OK, I made up the whole “Temple of Athene” thing – that never existed, but I figured that the Archidamia story of women fighting against Pyrrhus (or at least helping on the walls, but Wikipedia says “fighting” so that must be 100% accurate, right!), so I went with the idea of her Athene cult being set up because of that event – even the aspects of the Goddess fitted. And the Goddess Athene has a personal resonance with me, so it was very important to me to have her featured in the books.
So, now we have our warrior-priestess-heroine from Sparta – a failed super-power living in the shadow of the current super-power, who’s been brought up in the old-fashioned way – hence she’s our arrogant Lysandra who exists in Ancient Rome, worshipping Athene above all others and becomes a Gladiatrix…so – yeah…that’s why Ancient Rome (whew, went off on one there!).
UNRV: In the acknowledgements section, you allude to the fact that there may be more to come. What writing projects do you have on the go at the moment, and will they be part of the same series?
Russell Whitfield: I think our Lysandra has come to the end of her adventures if I’m honest. With the best will in the world, there’s only so much you can do with a female lead in 1st Century Rome, even if I really bend the historical rules. One thing I never wanted to do was go back and re-tread the same stories with Lysandra, but with that comes the inevitable knowledge that her tale must end sooner or later.

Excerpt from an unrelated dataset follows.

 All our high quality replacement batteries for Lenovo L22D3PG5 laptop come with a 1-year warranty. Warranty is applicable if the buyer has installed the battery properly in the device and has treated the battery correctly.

Other writing projects – yes, I’ve got a few on the boil at the moment. I’ve written a pilot for a Roman-set telly series which will be doing the rounds soon, I’ve just re-written the script for a lo-fi British Horror Comedy and have nearly completed an action movie, the latter two “on the slate” for the Cannes Film Festival.

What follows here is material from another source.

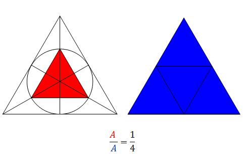 In a large equilateral triangle, we draw the incircle. We then draw a smaller equilateral triangle in the incircle.

“On the Slate”, I’ve just learned, is industry speak for the director goes around mugging people in an attempt to get money to make the films. It’s all very speculative, if I’m honest, but it’s a tremendous honour to be asked to be involved in that sort of thing.
Next, I’d like to write a historical fantasy series of novels. That’d be good fun, I reckon, and it’d kind of take me full circle and I’ve also got an idea for a historical-horror movie as well.
UNRV: Have you shown this book to your Mum?
Russell Whitfield: Sadly, Mum passed on before the first book came out – but I’m sure that she’d have been both proud and appalled!
UNRV: Thank you for your time!
Russell Whitfield was born in Shepherds Bush in 1971. An only child, he was raised in Hounslow, West London, but has since escaped to Ham in Surrey.
Russell has had an (almost) life long fascination with ancient Greece and Rome, sparked by seeing The Three Hundred Spartans on ITV in the seventies. Educated to A-Level, he did not complete college, preferring instead to seek fame and fortune in a heavy metal band. Sadly, fame and fortune were not forthcoming and a career in telesales beckoned. A series of jobs followed culminating in the heady heights of 'content editor' for a large multi-national.
Gladiatrix was Russ's first novel, published in 2008 by Myrmidon Books. The sequel, Roma Victrix, continues the adventures Lysandra, the Spartan gladiatrix, and a third book is planned for release late 2011/early 2012.